Y tal vez esta contradicción perpetua que embarga a todos los que nos dedicamos a la creación –a pintar, diseñar y escribir letras de canciones o estos artículos, en mi caso– no sea otra cosa que la cruz con la que profesionalmente debemos cargar hasta el fin de nuestros días si comparamos nuestros trabajos con otros en los que la actividad es muy mecánica, como muchas cadenas de montaje, habituales en factorías repartidas por los cinco continentes de este perro mundo, porque su labor cotidiana se concentra en una simple repetición hasta el infinito de una misma función que está rayando en la alienación personal, aunque los avances tecnológicos la están dejando en manos de los robots como una moderna forma de redención, cuando las cornetas y tambores de las marchas procesionales de la Semana Santa todavía retumban entre nuestras sienes.

Pero la bendición que supone disponer de nuestro tiempo y capacidades para hacer realidad aquel sueño de juventud, que se sustancia en un proyecto vital sin más cortapisas que aquellas impuestas por uno mismo y sus circunstancias, es lógico y natural que también tenga, como todo en esta vida, otra cara de la moneda que sea más ingrata y nos afecte en lo intangible más que en lo material y monetarista: la inevitable zozobra de cualquier creador de ficciones, que tan bien recogió el título de aquella película de 1965, El tormento y el éxtasis, y tanto me marcó siendo un púber desnortado e interno en un colegio de curas. O, muchos años después, Dolor y gloria, de Pedro Almodóvar, en la que aparecí un momento como extra para, así, ajustar cuentas con los sueños impuros de mi niñez.

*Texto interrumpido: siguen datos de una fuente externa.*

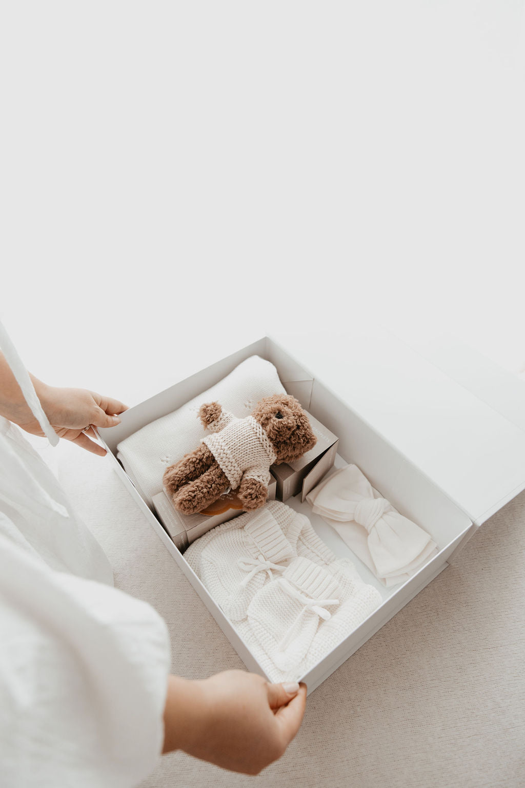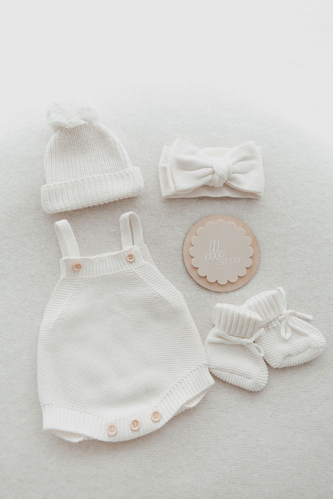 Complete the look with one of our knit rompers and beanies or bows. A cute way to introduce your new little love to the world and keep them cosy.
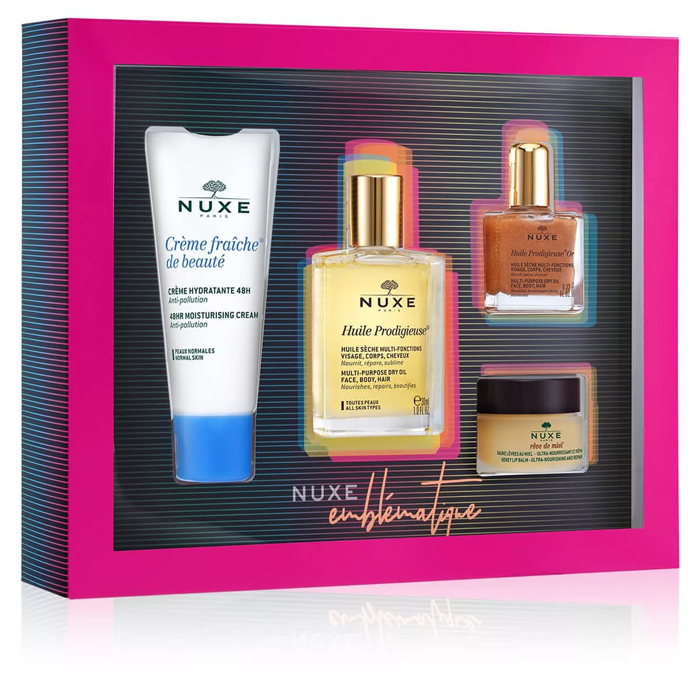 Созданное в 1991 году сухое масло для лица, тела и волос Huile Prodigieuse покорило не один миллион сердец. При изготовлении этого масла используются семь 100% растительных масел холодного отжима, что позволяет сохранить все полезные вещества и добиться лучшего качества. В подарочном наборе сухое масло для лица, тела и волос HUILE PRODIGIEUSE представлено в двух вариантах: классическое и мерцающее.

Por eso no me deja de resultar amarga la paradoja final de mi vida, y supongo que del resto de los mortales, ya que cuando uno empieza a tener la sensación de que, por fin, está aprendiendo a combinar el dolor con ese gozo impagable de sentirse libre y en plenitud de facultades, ya debe tomar conciencia plena de que el tiempo se agota, y no habrá vuelta de hoja ni señales indicadoras de auxilio en este camino final de la soledad, ya plenamente asumida, por donde el loco corazón cabalga.